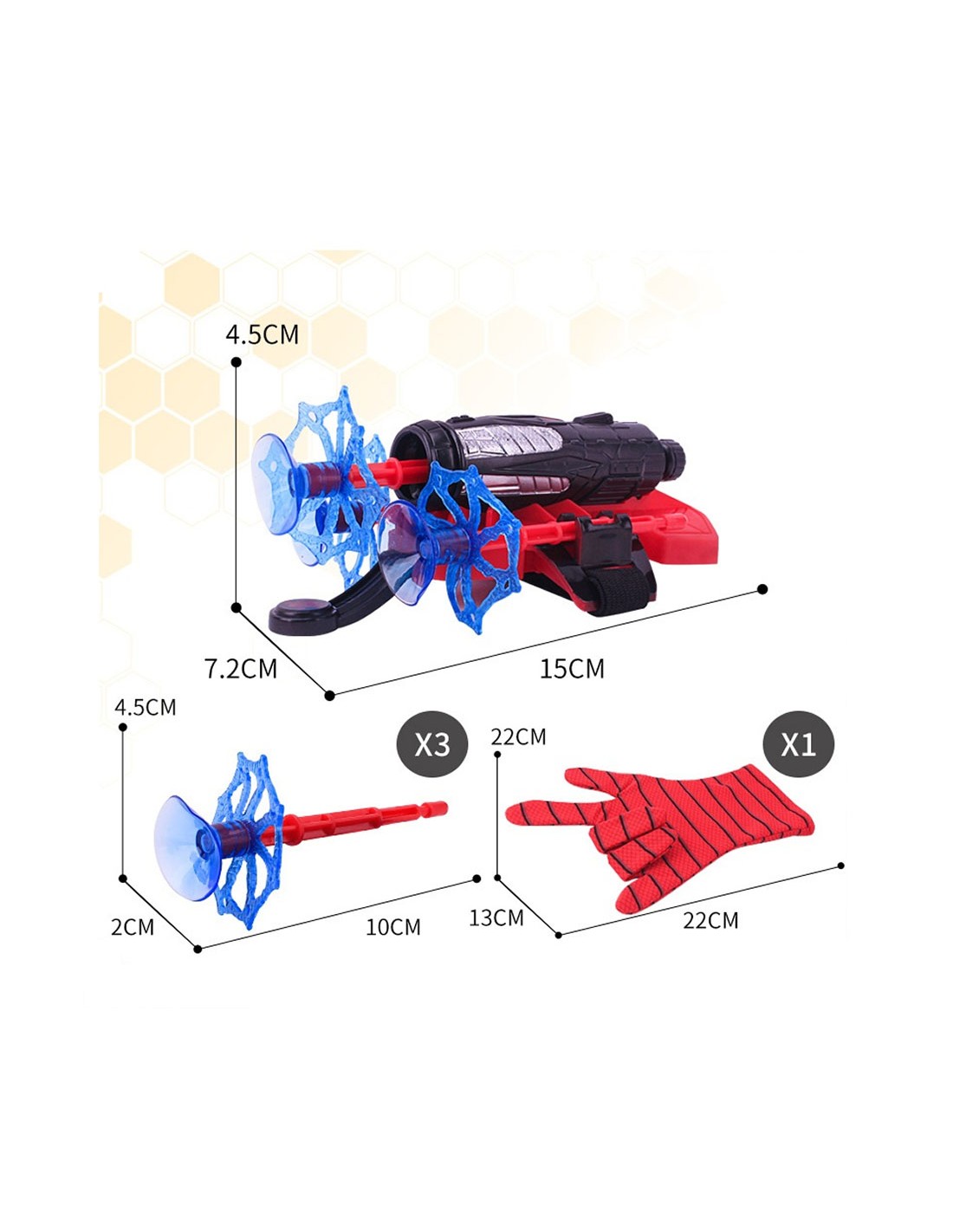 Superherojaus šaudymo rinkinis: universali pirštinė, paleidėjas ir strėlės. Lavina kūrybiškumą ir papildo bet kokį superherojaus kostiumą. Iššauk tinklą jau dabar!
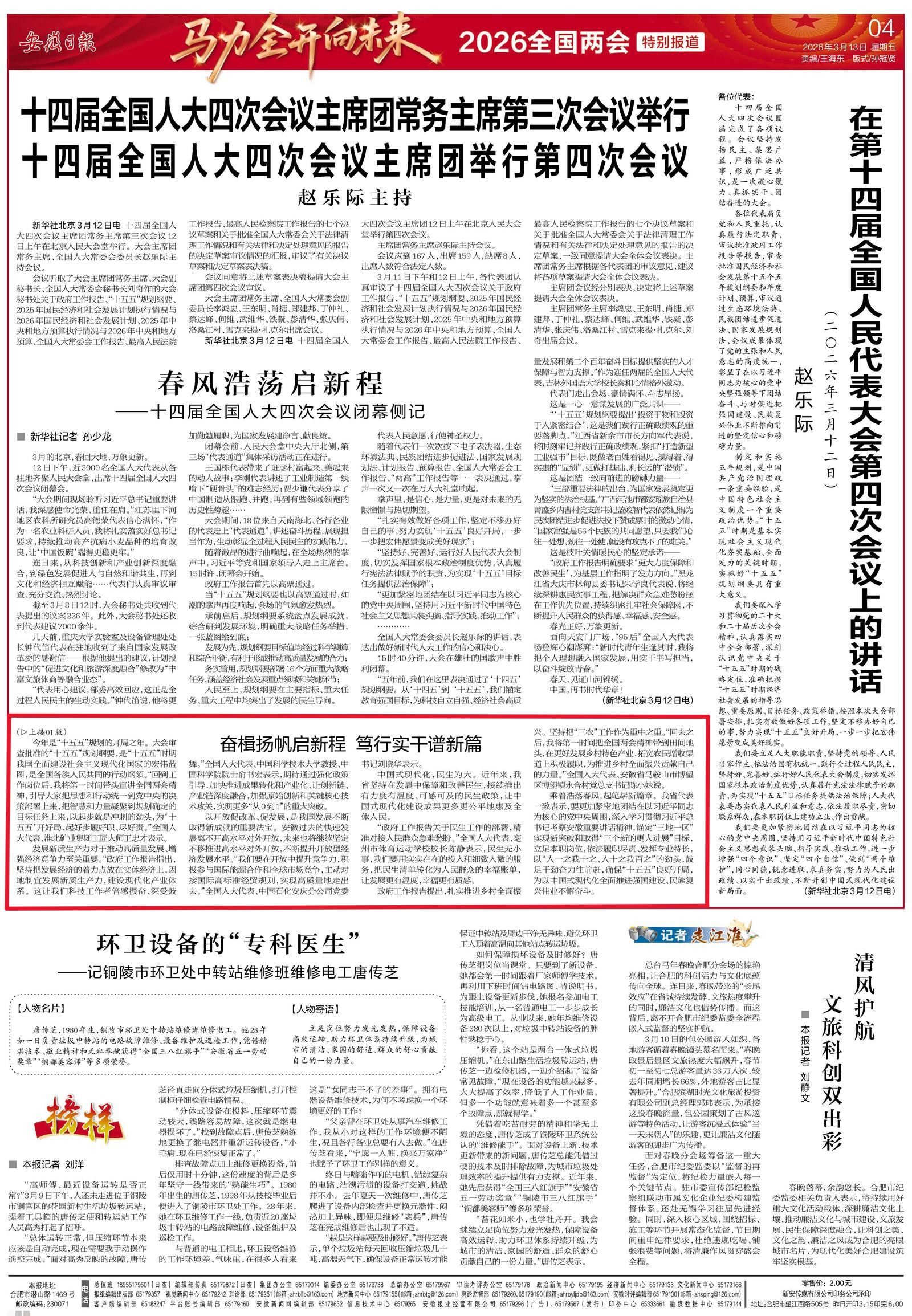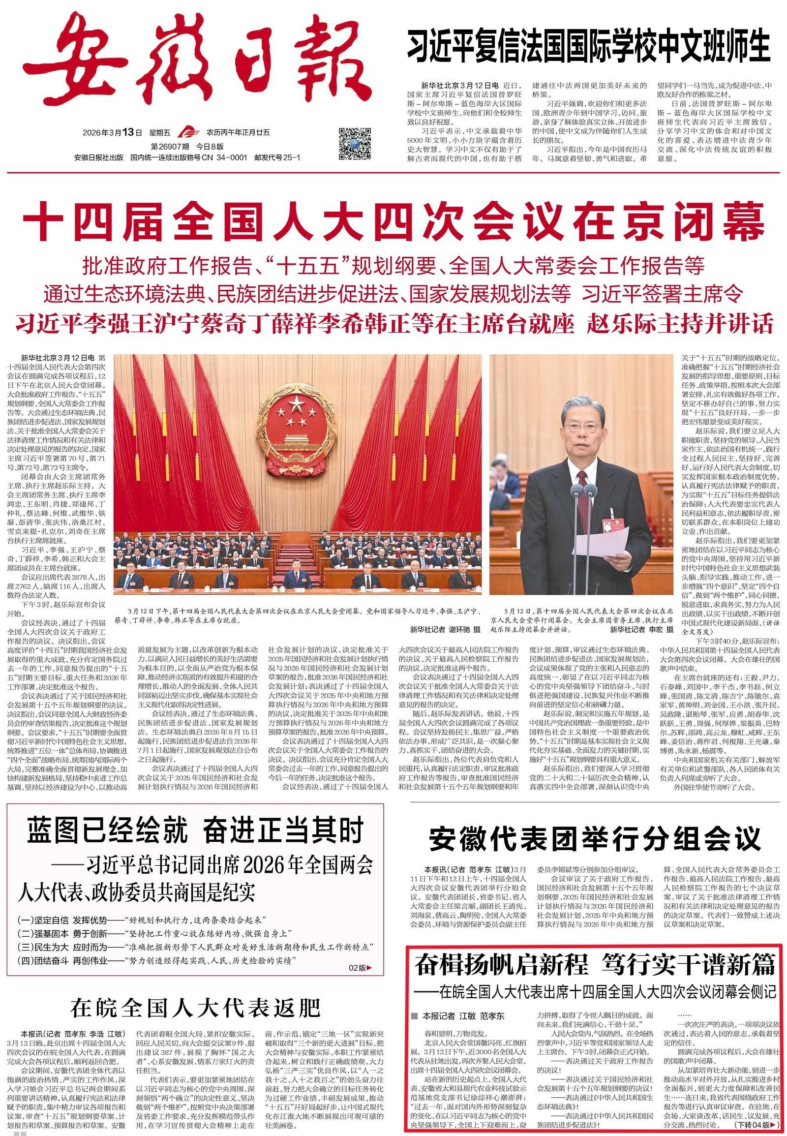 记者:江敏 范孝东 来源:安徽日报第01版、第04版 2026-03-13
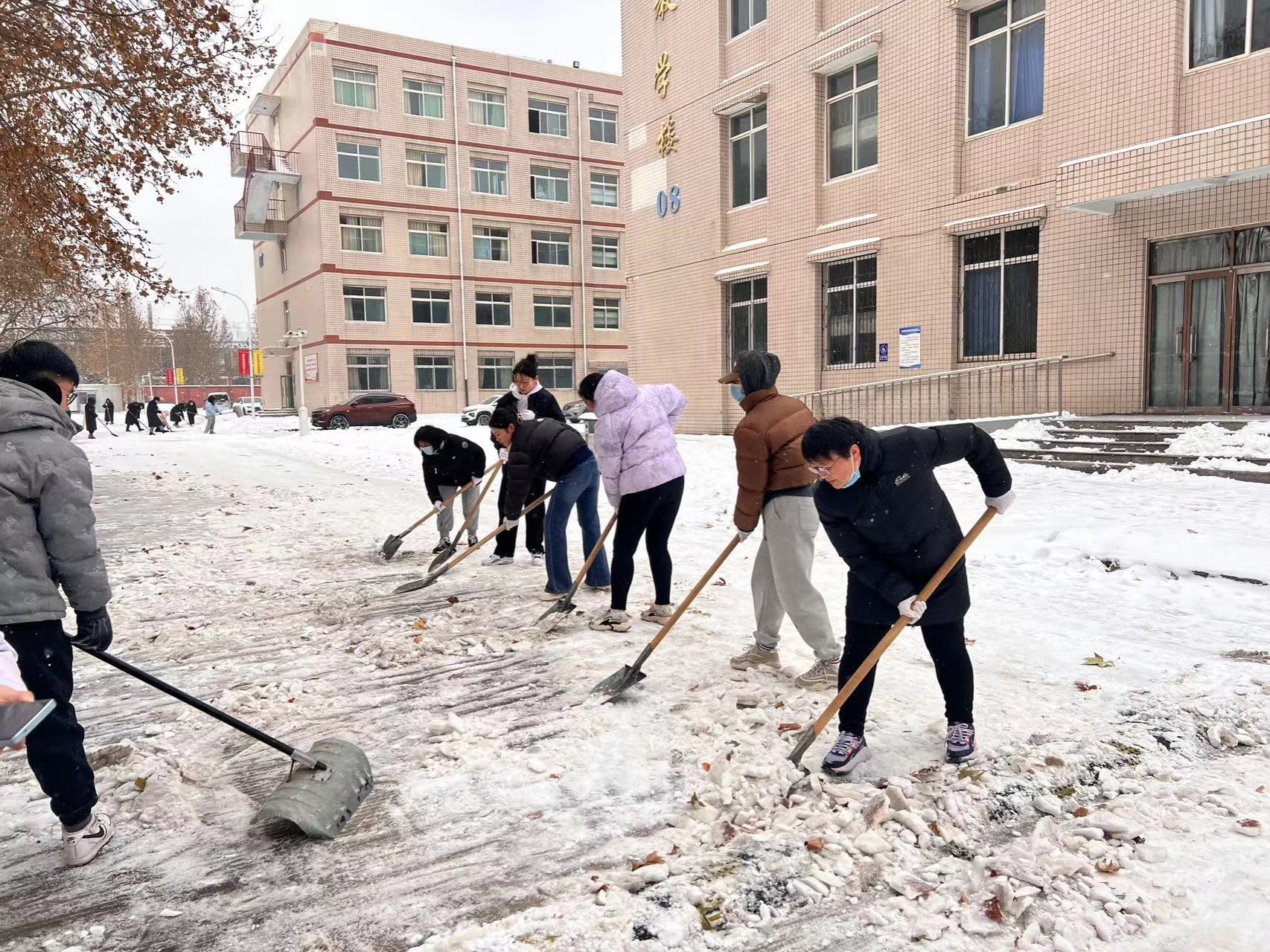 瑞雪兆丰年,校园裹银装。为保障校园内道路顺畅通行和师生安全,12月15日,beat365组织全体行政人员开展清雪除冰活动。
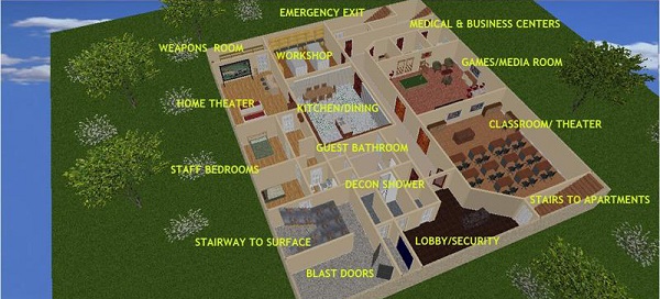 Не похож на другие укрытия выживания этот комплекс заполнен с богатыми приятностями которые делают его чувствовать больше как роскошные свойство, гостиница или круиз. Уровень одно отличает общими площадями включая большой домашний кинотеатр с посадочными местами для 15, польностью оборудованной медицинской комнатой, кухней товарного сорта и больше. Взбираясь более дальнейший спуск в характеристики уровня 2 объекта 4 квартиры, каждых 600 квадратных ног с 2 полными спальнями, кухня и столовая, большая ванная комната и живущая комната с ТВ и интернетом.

• What the task requires
When you restate the listing, keep every word as it is and drop the pictures.

• Written solution
 Superherojaus šaudymo rinkinis: universali pirštinė, paleidėjas ir strėlės. Lavina kūrybiškumą ir papildo bet kokį superherojaus kostiumą. Iššauk tinklą jau dabar!
 记者:江敏 范孝东 来源:安徽日报第01版、第04版 2026-03-13
 瑞雪兆丰年,校园裹银装。为保障校园内道路顺畅通行和师生安全,12月15日,beat365组织全体行政人员开展清雪除冰活动。
 Не похож на другие укрытия выживания этот комплекс заполнен с богатыми приятностями которые делают его чувствовать больше как роскошные свойство, гостиница или круиз. Уровень одно отличает общими площадями включая большой домашний кинотеатр с посадочными местами для 15, польностью оборудованной медицинской комнатой, кухней товарного сорта и больше. Взбираясь более дальнейший спуск в характеристики уровня 2 объекта 4 квартиры, каждых 600 квадратных ног с 2 полными спальнями, кухня и столовая, большая ванная комната и живущая комната с ТВ и интернетом.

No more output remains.